We are no longer required to go to the Board of Directors to get
approval for our open source projects to use content under licenses that
we haven’t encountered. We no longer have a strict "approved licenses"
list. There are still restrictions on what licenses can be used, but
these restrictions are based on whether or not the licenses actually
work together and whether or not license terms align with our open
source rules of engagement (e.g., licenses do not restrict fundamental
freedoms).
The Guidelines for the Review of Third-Party Dependencies as been revoked.
This is related to our focus on license compliance. The Guidelines for
the Review of Third-Party Dependencies described notions of prerequisite, works with, and exempt prerequisite
dependencies which provided different mechanisms by which third-party
content could be consumed by Eclipse open source projects (works with and exempt prerequisite
in particular described means by which we could short circuit the due
diligence process for content under licenses that might otherwise not be
supported by the then-IP Policy). WIth our focus on license compliance,
these considerations are no longer necessary.

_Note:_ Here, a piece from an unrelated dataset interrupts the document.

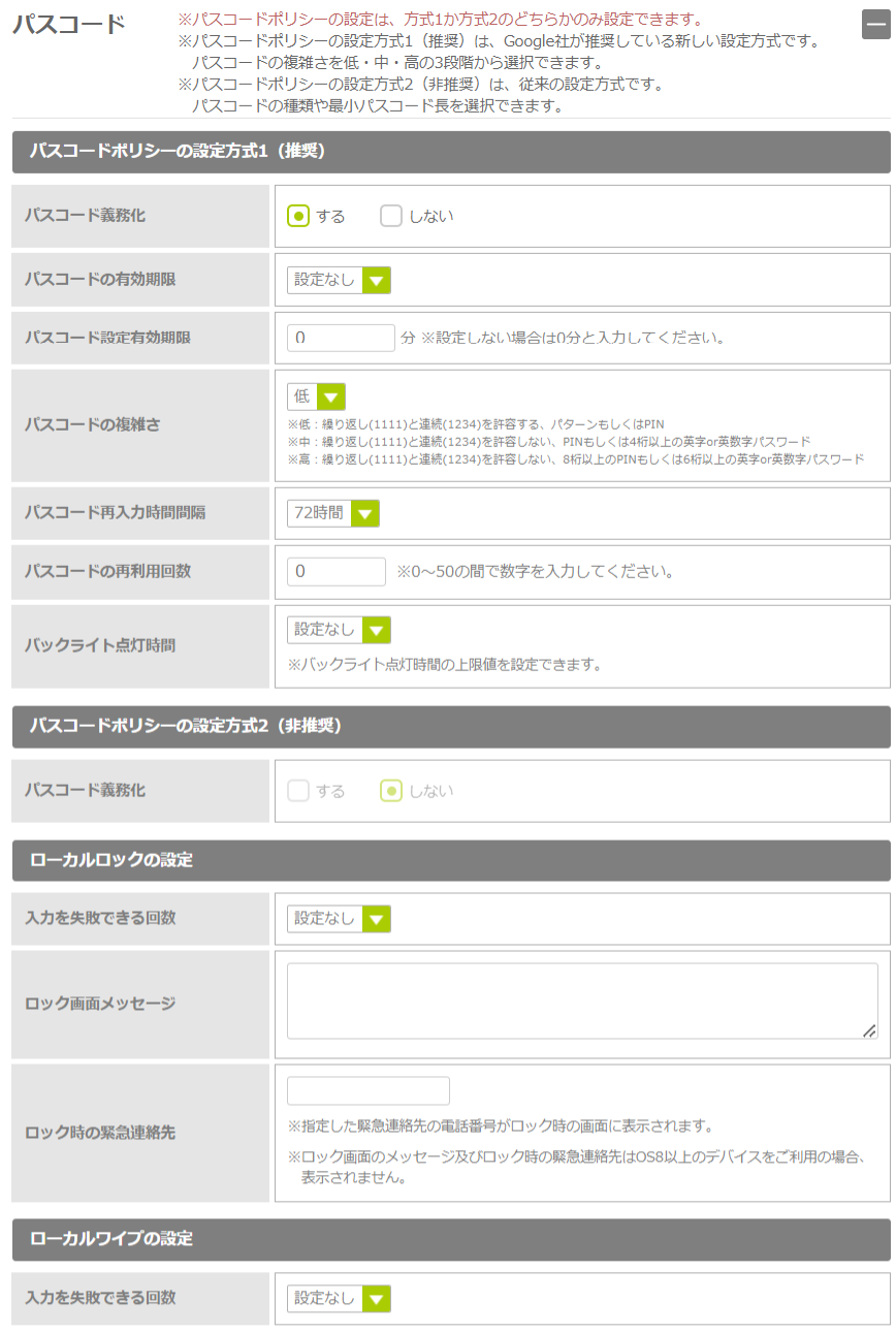 項目の説明-パスコードポリシーの設定方式2(非推奨)
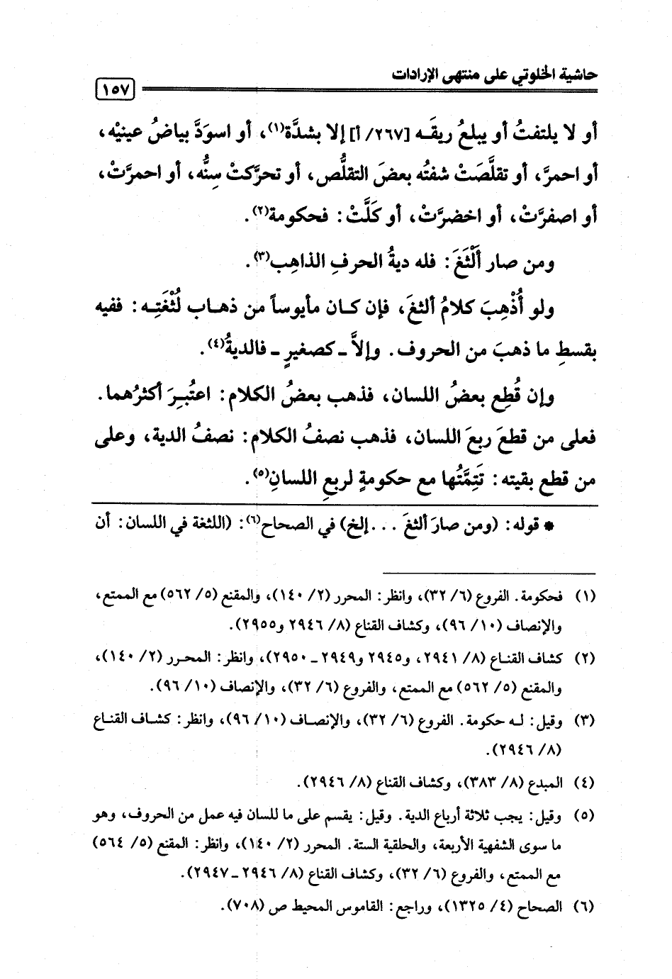 (¬5) وقيل: يجب ثلاثة أرباع الدية. وقيل: يقسم على ما للسان فيه عمل من الحروف، وهو ما سوى الشفهية الأربعة، والحلقية الستة. المحرر (2/ 140)، وانظر: المقتع (5/ 564) مع الممتع، والفروع (6/ 32)، وكشاف القناع (8/ 2946 - 2947).

IPLab replaces IPZilla. We announced the retirement
of IPZilla in September 2022 and are moving aggressively to retire it
completely by the end of December 2022. IPZilla was the tool that we
used to request and track the progress of intellectual property reviews.
With this update to our process, we now use IPLab,
an issue tracker and repository on our GitLab infrastructure that we
use to request and track intellectual property reviews. The Eclipse Dash License Tool
integrates with IPLab to automate much of the process of requesting
reviews (which required significant manual work with IPZilla).

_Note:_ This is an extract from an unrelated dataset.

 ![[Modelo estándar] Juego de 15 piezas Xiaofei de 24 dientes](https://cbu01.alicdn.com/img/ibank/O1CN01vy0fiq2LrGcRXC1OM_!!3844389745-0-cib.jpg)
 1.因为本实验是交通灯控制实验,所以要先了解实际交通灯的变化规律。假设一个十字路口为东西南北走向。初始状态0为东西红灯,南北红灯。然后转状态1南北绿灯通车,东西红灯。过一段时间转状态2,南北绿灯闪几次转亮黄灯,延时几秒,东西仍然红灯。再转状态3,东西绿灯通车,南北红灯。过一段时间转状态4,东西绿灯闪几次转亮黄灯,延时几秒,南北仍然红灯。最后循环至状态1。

No more Contribution Questionnaires. With the retirement of IPZilla, we will also retire the term contribution questionnaire along with its acronym, CQ. You can call the issues on IPLab whatever you want: issues, IP review requests,
SBOMs replace IP Logs. Eclipse open source projects
are no longer required to submit an IP Log as part of a progress or
release review. Instead, we rely on the Git log to track contributions
to a project along with a Software Bill of Materials (SBOM). At the time
of this writing, SBOMs take several different forms. For our immediate
purposes, about.html files serve this purpose in Eclipse Platform plug-ins, and NOTICE
files or summary files generated using the Eclipse Dash License Tool
serve as SBOMs. In the future, the EMO will work with projects to
leverage standard SBOM formats such as SPDX or CycloneDX.
Automate everything that can be automated. We’ve
implemented some tools, starting with the Eclipse Dash License Tool to
automate as much of the process as possible. We continue to investigate
options that improve the quality of our results while reducing the
amount of investment required by committers and the EMO.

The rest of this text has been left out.